I have Maysis been on them for 10 days and they look brand new minus the mud lol. I posted on here a couple days ago with an issue with my bindings falling apart that no one else ecperinced with Union Forces. So maybe it's just the luck of the draw. Are your boots are draging at all? Post pics if you can would like to see.


----------



## bobthegood (Sep 14, 2011)

I generally get a couple years out of a pair, then another year as a backup. Current boots are last years K2T1DB, bought on clearance last fall. 28 trips, no issues yet. Like invillegorge, when they start to soften up, they become backups.


----------



## Pow?POW! (Dec 22, 2011)

I have K2 Maysis boots as well and I love em. The only real wear and tear I have is from resting my board on em but other than that they have held up real well. I've probably ridden with them 25+ times so far as well.


----------



## oefdevilvet (Feb 4, 2011)

BigmountainVMD said:


> Milk was a bad choice.
> 
> I feel like companies build boots to last 3 to 4 years for the "average" snowboarder... someone who rides about 20 to 25 times a season (and probably isn't putting in full 8 to 4 PM days every time).
> 
> Also if the boots aren't meshing with the bindings well, I would expect some ware in specific areas, especially if you aren't someone who straps in really tight. After only 15 days though... something is missing from this story...

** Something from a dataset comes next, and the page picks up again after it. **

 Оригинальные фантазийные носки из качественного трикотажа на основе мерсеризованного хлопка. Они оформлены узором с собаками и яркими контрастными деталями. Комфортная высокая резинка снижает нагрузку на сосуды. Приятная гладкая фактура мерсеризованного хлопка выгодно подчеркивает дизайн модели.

Milk is always a bad choice. On the topic of boots, my two setups are a 2012 NS Raptor 159/Ride El Hefe's
and a 2012 Ride Berzerker 161/2012 Flow NXT-ATSE's and the boot seems to like both setups. I figured the Flow's would scuff the heel a little bit, and the El Hefe is a damn solid binding, and I ride them both as tight as I can. Like I said though nothing major yet, but I definitely see myself buying new boots after next season. 



linvillegorge said:


> I rest my board on my boot like a boss on the lift and I still get a shit ton of use out of my Salomon F22s.


From what I hear the F22 is designed for bigfoot, I'm an 11 with a slightly narrow foot, so I'm not sure that would work for me.


----------



## linvillegorge (Jul 6, 2009)

oefdevilvet said:


> From what I hear the F22 is designed for bigfoot, I'm an 11 with a slightly narrow foot, so I'm not sure that would work for me.

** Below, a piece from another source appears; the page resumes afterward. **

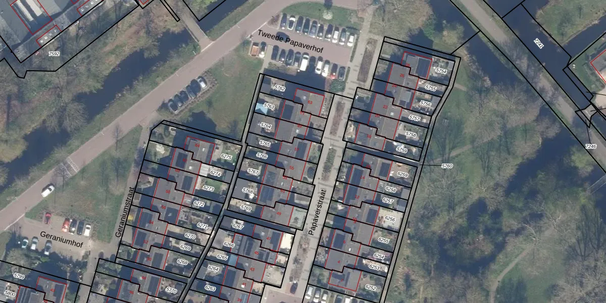 Papaverstraat 57 is gelegen op kadastraal perceel GDA01M5765. Deze kadastrale aanduiding is uniek en wordt gebruikt door het Kadaster om eigendomsrechten en andere zakelijke rechten vast te leggen. Het perceel maakt onderdeel uit van de kadastrale gemeente Gouda.

Definitely not. I also have a narrow foot, especially in the heel and wear an 11 street shoe and 10.5 F22s are perfect for me. I've tried on shit tons of boots and the Salomon F series are the only boots I've found yet that really fit me well.

I mean, it's a good boot and all, but I'm not touting it as the end all, be all. I have very limited experience with boots in terms of riding simply because the vast majority obviously just don't fit me at all right out of the box. I've just given up on finding other boots. When I need new boots, I just find the best deal on F22s that I can and order them.


----------



## oefdevilvet (Feb 4, 2011)

What's the flex on the F22's? I may have to do some investigating. 

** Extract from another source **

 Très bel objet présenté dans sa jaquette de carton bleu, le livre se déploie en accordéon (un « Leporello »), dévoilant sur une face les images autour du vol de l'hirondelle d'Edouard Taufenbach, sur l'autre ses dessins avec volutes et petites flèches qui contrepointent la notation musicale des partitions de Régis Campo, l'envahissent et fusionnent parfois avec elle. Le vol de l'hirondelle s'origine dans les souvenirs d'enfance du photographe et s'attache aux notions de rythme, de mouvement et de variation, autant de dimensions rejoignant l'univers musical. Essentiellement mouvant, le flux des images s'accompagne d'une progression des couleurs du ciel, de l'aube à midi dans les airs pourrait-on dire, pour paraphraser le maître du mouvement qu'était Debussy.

BTW I contacted K2 about this problem and was told to send them back, the guy said it may be a defective pair(anyone else ever go through that with boots?) and that if I returned them they would send me a new pair because the toe cap should NOT be showing any wear and mine is already fighting it's way off the boot.


----------



## linvillegorge (Jul 6, 2009)

F22 is pretty stiff. I'd consider it an all-mountain boot that leans more toward the freeriding side of the equation. The F20 is more of an all-mountain boot that leans toward the freestyle side of the equation.

If K2 is telling you they'll swap them out, take them up on it. Shit happens. When you mass produce things, a couple of lemons will inevitably slip through occasionally.


----------



## Triple8Sol (Nov 24, 2008)

I had the K2 T1 DB a couple seasons ago, basically one step up from the Maysis. They held up great for ~40 days of riding that season. I loved the the harshmellow and Vibram. They still had plenty of life left in them...I just got rid of them b/c I decided to go back to speedlacing.


----------